In [None]:
# Initialize Otter
import otter
grader = otter.Notebook("hw08.ipynb")

<a id="top"></a>

# Homework 8: SQL + PCA

We will use SQL to dive deep into the Internet Movie Database (IMDb) and answer different questions involving movies, actors, and movie ratings.
## Due Date: Monday, August 7th, 11:59 PM PDT

You must submit this assignment to Gradescope by the on-time deadline, Monday, August 7th at 11:59pm. Please read the syllabus for the grace period policy. No late submissions beyond the grace period will be accepted. **We strongly encourage you to plan to submit your work to Gradescope several hours before the stated deadline.** This way, you will have ample time to reach out to staff for support if you encounter difficulties with submission. While course staff is happy to help guide you with submitting your assignment ahead of the deadline, we will not respond to last-minute requests for assistance (TAs need to sleep, after all!).

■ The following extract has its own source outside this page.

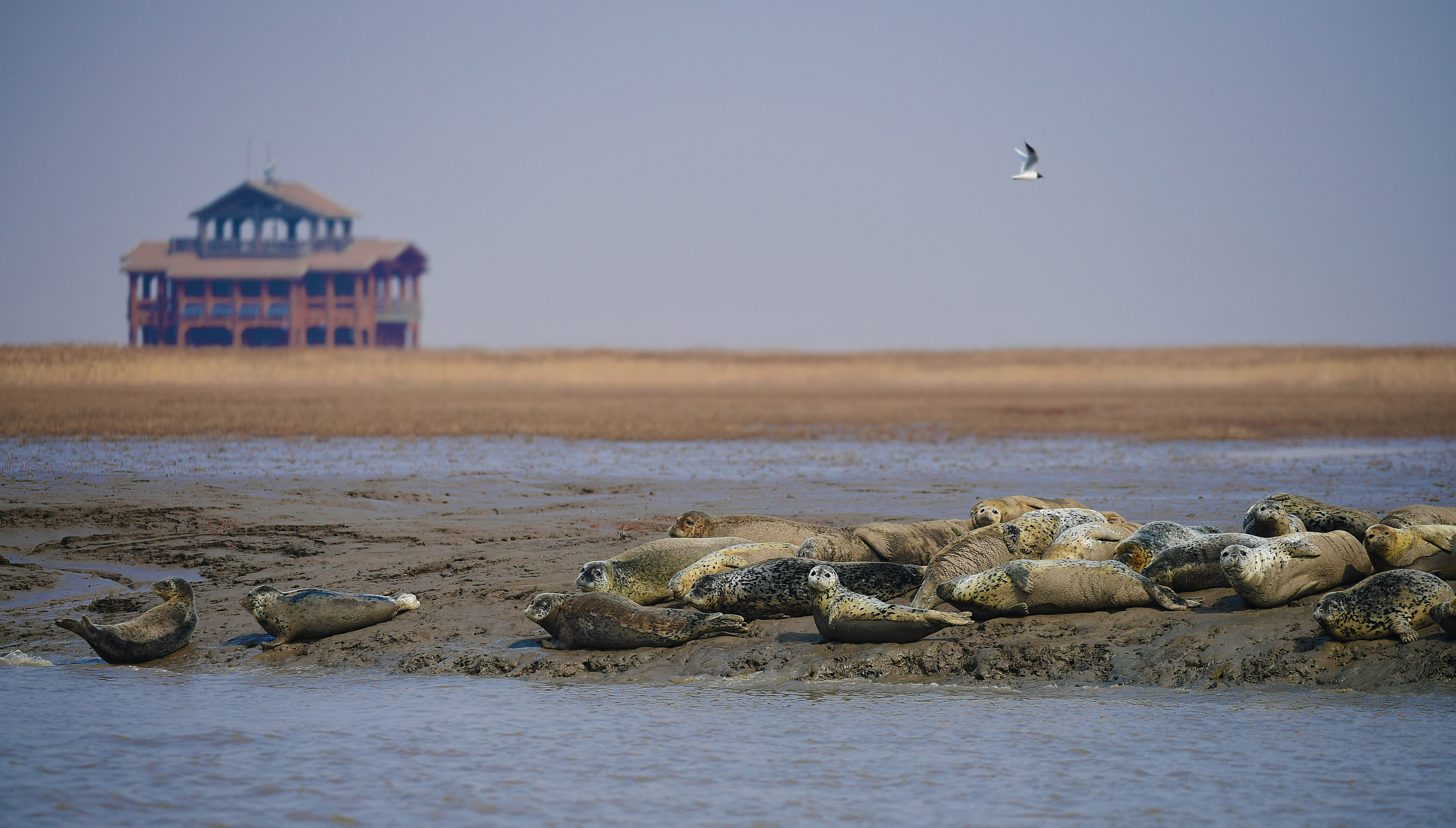 在盘山县三道沟海域附近,每年有100多只斑海豹在此休养栖息。为了守护斑海豹,当地在这里设立了保护站,渔民也主动让出了自己的部分作业区域,供斑海豹休憩。

Please read the instructions carefully to submit your work to both the coding and written portals of Gradescope.


##  Collaboration Policy

Data science is a collaborative activity. While you may talk with others about
the homework, we ask that you **write your solutions individually**. If you do
discuss the assignments with others please **include their names** below.

**Collaborators**: *list collaborators here*

## Introduction

This homework has two disjoint parts:

**Part 1:** We will use SQL to dive deep into the Internet Movie Database (IMDb) and answer different questions involving movies, actors, and movie ratings. [Click here to jump to Part 1](#part-1).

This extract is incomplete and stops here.